I have a question. I am a 50 year old blue collar type of joe. I work in the food industry as a kitchen manager. I have always had an intense interest in the markets and have been educating myself over the years as far as how the markets work and who the players are.

You and Michael Covel are by far the best educators that I’ve come across. I have never actually traded before; I want to get more knowledge before I start. I will have between 40 & 50k in trading capital when I start. Trading to me represents independence and a chance to do things that I have not been able to do with my life. To me, it’s a challenge.

My question is, do you think that I am expecting too much from the markets? I have read that it’s not a good thing to expect the markets to do things for you. How do you balance this? I will be trading my own account; I’m not looking to manage other peoples money. Thanks for your time. I love your website and your intro to commodities course.

Bob D.

Expectations have built-in disappointments. I think you’d do well to think that the market will try to kill you and take all your money. Focus on keeping your losses small and start by trading 1 or 2 contracts to see how it feels. And by that, I mean “how does it feel?” – not “how do you think your trading is going so far?” If you feel scared, you should hold off.

If you do trade, grow your account and don’t take any money out. In other words, don’t trade and try to live off of the growth. You’ll always be trading with scared money.
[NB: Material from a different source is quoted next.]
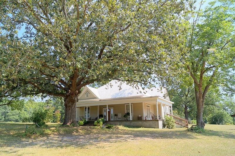 QUIET COUNTRY SETTING - CHARMING, CIRCA 1900 FARM HOUSE ON 5 ACRES! Take a step back in time when visiting this home. A 100+ year old oak tree greets you as you ascend the front steps and walk onto the large front porch. Original hardwood flooring & mouldings throughout the home. Gorgeous fireplaces in nearly every room give a nostalgic feel. Formal parlor, foyer, and dining room have lots of windows. Eat-in kitchen with island leads to the large laundry room. Screened porch/sunroom overlook the rear acreage. Bead board ceiling in Library & behind drop ceiling in most rooms. Original wood barn/storage with overhang. Separate large 4 vehicle carport with very large fully equipped workshop including iron stove and full house fan. Workshop a separate office, bathroom and fully insulated. Metal roof on house in 2005 and on garage/workshop/carport in 2020. Two metal open livestock shelters in pastures. Water to pastures with troughs. Orchard with numerous bearing fruit trees including apples, pears, peaches, plums and huge bearing pecan trees. A fertile farm!

It’s better to peel off  a chunk and leave it somewhere and trade the rest. IMHO, it’s better to be a blue collar joe b/c you’ll have an appreciation for the money and you’ll probably err to keeping losses small. You know how hard it is to accumulate that much in the first place.

Second, you probably have some ambition about you with this sort of background b/c things have not been provided for you, so my guess is your intention is rock solid. But you’ll only know for sure once you start managing risk.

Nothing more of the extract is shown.